I was dynamically engaging one of my fellow content marketers in the company brainstorming arena the other day, when I came up with a win-win value proposition for in-house onboarding of new talent to help us velocitize our organic campaigns. It's really a multichannel game-changer!
There's a good chance that paragraph made sense to some people. There's an even better chance that you wouldn't want to hang out with those people at parties.
Welcome to the world of workplace buzzwords.
Despite having a perfectly good and well-tested English language, corporate America continually cranks out new words and phrases, or applies existing words in new ways: consumerization, hyper-connectivity, value-added, leverage.
For some, these terms become part of the lexicon, a way of sounding important or, at the very least, in-the-know. But for others, they serve only to obfuscate.
Every day I get workplace-related press releases containing phrases like "quantifying the variables of trust" and "sub-optimize your vision and business plan." First off, why would I ever want to sub-optimize my vision plan, and moreover, what in the heck are you talking about?
Bryan Garner, author of "Garner's Modern American Usage" and president of LawProse Inc., said there's an allure to concocting business terms.
"There aren't that many new ideas under the sun," he said. "People want to seem to be on the cutting edge – to use one of those buzzwords. There's this desire to be the first person in your own realm, in your own backwater, to bring these ideas to the fore. Sometimes it's something like 'total quality management.' If you could be the first one to know these techniques in your city or region, you then seemed to know something others didn't."
Ben Benjamin, co-author of the book "Conversation Transformation," said it's not unreasonable for people working in specialized groups to come up with shortcut terms. The problem is when those terms spread beyond the group.
"When you start using those words outside the group, people don't know what the heck you're talking about," Benjamin said. "It sort of cuts people out. Then when something becomes a buzzword, you tend to lose the deeper meaning of things. You lose the essence of what you're trying to do."
In a March blog post for the Harvard Business Review, Garner wrote: "Bizspeak may seem like a convenient shorthand, but it suggests to readers that you're on autopilot, thoughtlessly using boilerplate phrases that they've heard over and over. Brief, readable documents, by contrast, show care and thought – and earn people's attention."
That's the rub. In a working world where communication is lightning-fast, we need to jettison unclear language. And let me assure you, terms like "right-sizing," "core competency" and "operationalize" are highly unclear.
"Even though I know some very technological things, whenever I talk, I use simple terms so anyone who's listening to me can really understand," Benjamin said. "You might think you sound impressive saying, 'Let's leverage the low-hanging fruit.' But don't you just mean, 'Let's take the opportunities that are there for us'?"
This isn't to say all buzzwords are bad.
Garner said he considers the term "repurposing" appropriate, given that we live in an age when people can get the same information in many forms.

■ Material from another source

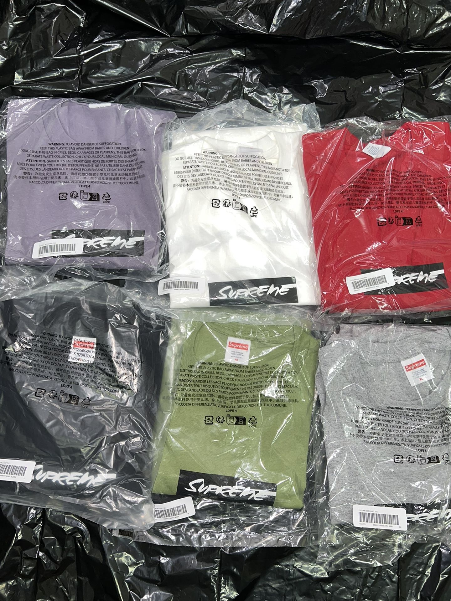 Supreme Futura Box Logo Tee Shirt ds brand new black white purple green grey red shoulder waist bag backpack beanie hat jacket sweatshirt hoodie sb
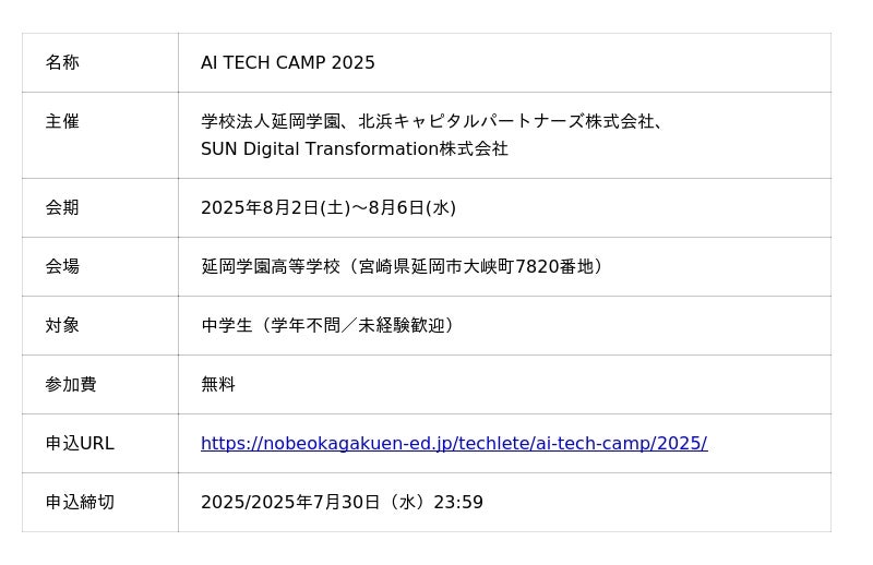 学校法人延岡学園と北浜キャピタルパートナーズ株式会社、SUN Digital Transformation株式会社は、2025年8月2日(土)~8月6日(水)の5日間、中学生を対象としたAIエンジニア体験プログラム「AI TECH CAMP 2025」を延岡学園高等学校にて開催します。

For example, you might be reading this column in a newspaper, then someone else might cite the column in a blog post, and I might send a tidbit from the column out in a tweet that gets read on a mobile device in the bathroom.
Though I do not condone reading my column in the bathroom, that's repurposing what I've written. And there are certainly other examples of new terms that are applicable and necessary.
But if you find yourself relying on vague buzzwords and catchphrases, you might be what Garner calls an anxious communicator. These bits of nonsense act as crutches.
He cited George Orwell, who once wrote: "(M)odern writing at its worst does not consist in picking out words for the sake of their meaning and inventing images in order to make the meaning clearer. It consists in gumming together long strips of words which have already been set in order by someone else, and making the results presentable by sheer humbug."
This applies to speaking as well. How many times have you heard someone spit buzzwords like watermelon seeds? It sounds, if I may get Shakespearean, like "a tale told by an idiot, full of sound and fury, signifying nothing."
So let's get smart about how we communicate. Buzzword proliferation is making communication harder, and companies should demand clear language.
"I wouldn't disapprove if a company said, 'We ban the phrase 'think outside the box,' " Garner said. "Don't use that phrase in one of our meetings or in any memo. And you could think of many other terms. It's a matter of encouraging better linguistic habits and encouraging people to think freshly and not just to spout cliches. That's a laudable goal."
And it's one that companies would be wise to consider, lest we be further overrun by people who talk at length while making no sense at all.